You may be running in to an unfortunate effect of the Supermicro BMC firmware. When power is applied to the power supply, the BMC powers on immediately. During the boot process the BMC (via Uboot which is booting Linux on the BMC) checks to see if the dedicated IPMI NIC port sees a link state. If not, the shared NIC port will be used. The NIC port selected at BMC boot time will be the NIC port used until the BMC is power cycled, either through a direct BMC reboot or when power is removed from the power supply. Rebooting the system itself will do nothing to the BMC.

This creates a cabling time race condition between plugging in the dedicated IPMI NIC and the power cable which is very obnoxious. Or, for example, if you have a power outtage and the BMC comes up before the switch does, the BMC will select the shared NIC in spite of the dedicated NIC being wired and LAN IPMI access will, in the case of VLANed ports, will be on the wrong network. We experience this more often than we like and find it quite frustrating.

If you were able (which, you won't be able to if the BMC comes up on the "wrong" NIC) to connect over the LAN you could SSH to the BMC using the ADMIN account (default password "ADMIN). When logged on to the BMC via SSH you can see the effect of the Uboot time decision in the command line as shown by the usencsi= option at the end of the command line:

# cat /proc/cmdline 
root=/dev/ramdisk ro ip=none ramdisk_blocksize=4096 console=ttyS0,38400 rootfstype=cramfs bigphysarea=1025 usencsi=0

On my system (X8DTi-LN4F) usencsi=0 means "use the dedicated IPMI NIC."

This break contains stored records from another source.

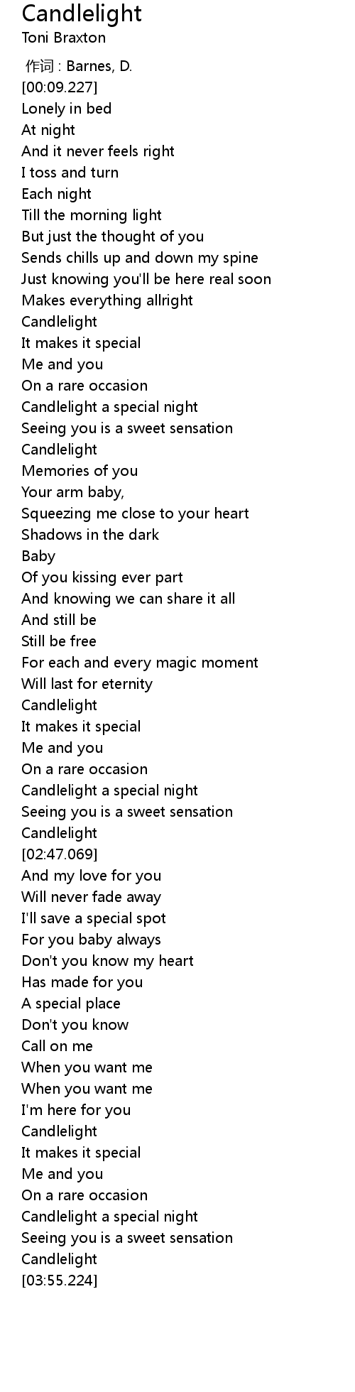 | [02:11.496] | Candlelight |
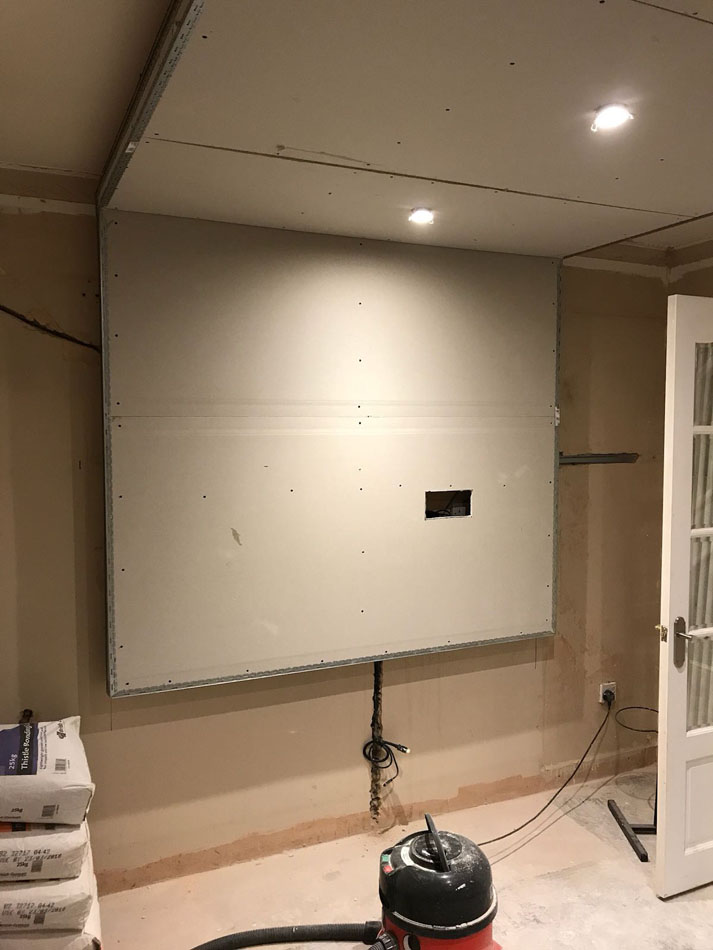 These pictures of the front room’s renovation show the end-to-end construction of a lowered ‘false ceiling’ and the installation of LED strip lights.
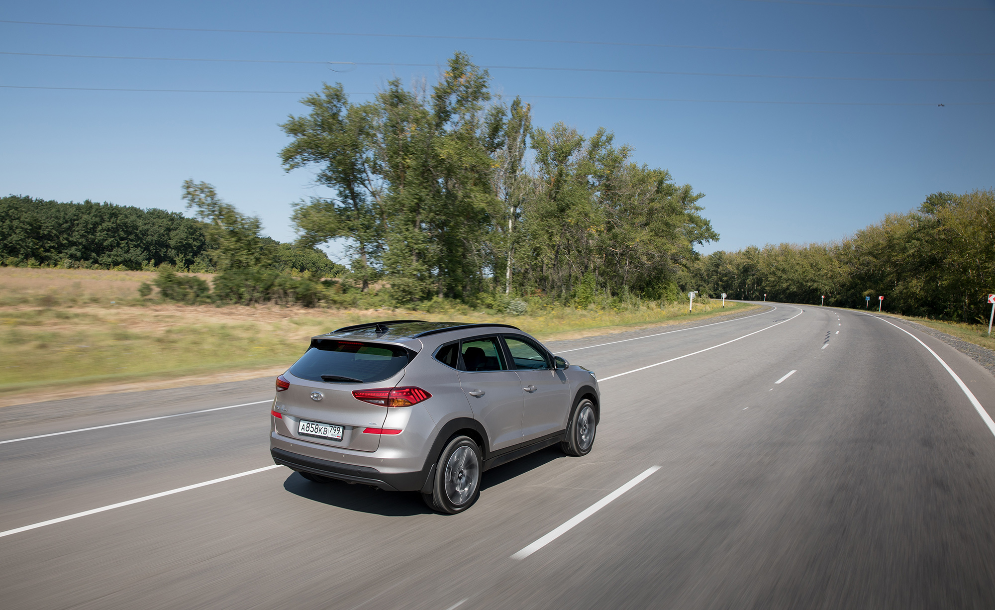 Tucson так же предпочитает гладкое шоссе, где кажется достаточно комфортным и хорошо слушается руля с синтетическим усилием. Однако на волнах проявляется склонность к раскачке, а стоит выехать на разбитую дорогу — вылезает легковая сущность шасси. На средних неровностях возникает сильная тряска. К тому же подвеска работает с явным звуковым сопровождением, а крупные ухабы переваривает на пределе энергоёмкости. Вот, по идее, над чем стоило работать в первую очередь — ан нет.
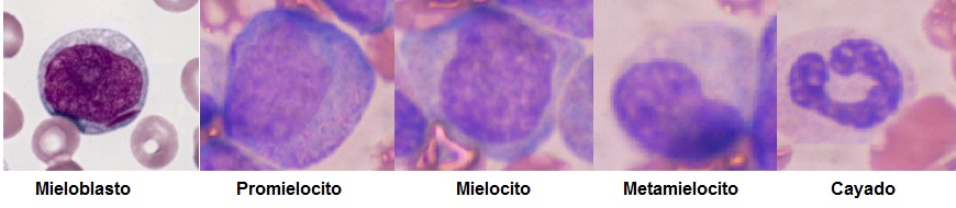 - Granulocito maduro. Estas comprenden los 3 tipos de granulocitos que se encuentran en la sangre periférica: segmentados neutrófilos, segmentados eosinófilos y segmentados basófilos.
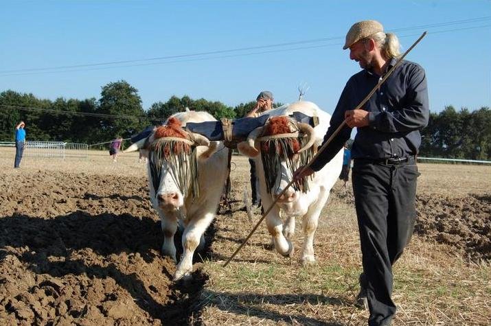Fête des moissons en 2011 à Villers pol, travail des boeufs
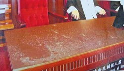 一旁戒護(hù)的法警一時錯愕,來不及因應(yīng),反倒是在一旁看資料的張益昌,一個箭步?jīng)_上前從后面拉住已一腳踏上記者席的黃詩斌。黃隨后再撒一把胡椒粉,張益昌右眼被撒到,頓時難以睜眼,仍奮力一把抓下黃詩斌,黃的頭撞到木門,還企圖從側(cè)門逃遁,但被張益昌和2名法警合力制伏。

Of course, this requires that you connect to the BMC via the LAN. I've looked pretty hard with the r1.05 firmware and can find no way to discern the selected NIC accessing IPMI from the host. I've just started to look at the r1.32 firmware for this system. In any case, I don't see your motherboard model listed on the SuperMicro IPMI firmware page here:

What's most frustrating about this is I know what two bytes I would like to hardwire in the BMC firmware letting us set the IPMI interface either to the dedicated NIC or shared NIC but as far as I can discern there is no setting allowing this.

1
6

As of the r1.38 revision of the IPMI firmware for the X8 series Supermicro motherboards, you can set the IPMI LAN port to be auto, dedicated or shared via the web UI. It is also accessible via ipmitool (albeit using raw netfn commands):

http://www.supermicro.com/support/faqs/faq.cfm?faq=9848

This doesn't allow you to see which interface IPMI is on in default (failover) mode but does allow you to (A) fix the IPMI to a single interface and (B) read which interface that is.

Hope that helps!

5
  • Is there a way to check the firmware version? Got an "Invalid command" error when trying to use ipmitool to read the LAN SELECT setting. Sep 26, 2010 at 14:20
  • lorin, you can either look up the firmware version by loging in to the web UI or using ipmitool and issuing the mc info command.
    – Aaron
    Sep 30, 2010 at 2:45
  • Is it possible to access the web UI if I can't access the IPMI interface over the network? Nov 27, 2010 at 1:36
  • Both the web UI and IPMI are accessed via the BMC's IP address. If you can route traffic to that address, you can access the BMC (both web and IPMI services); if not, then you cannot access the BMC services. If you can ping the BMC's IP address those services should be accessible (firewalling aside).
    – Aaron
    Dec 1, 2010 at 18:58
  • If you can ssh into the host then you can also run ipmitool locally as something like "ipmitool raw ..." (numbers given in Supermicro FAQ entry linked to in the answer) Jul 28, 2014 at 10:36
6

If the host is up you can also run: ipmitool mc reset cold to reboot the BMC which will then do the port test again. If you use the dedicated port, it will then start using it.

0

you should be able to access it over both NIC's once configured or just via the software ipmitool without network settings. NIC's are only used when you are configuring it remotely.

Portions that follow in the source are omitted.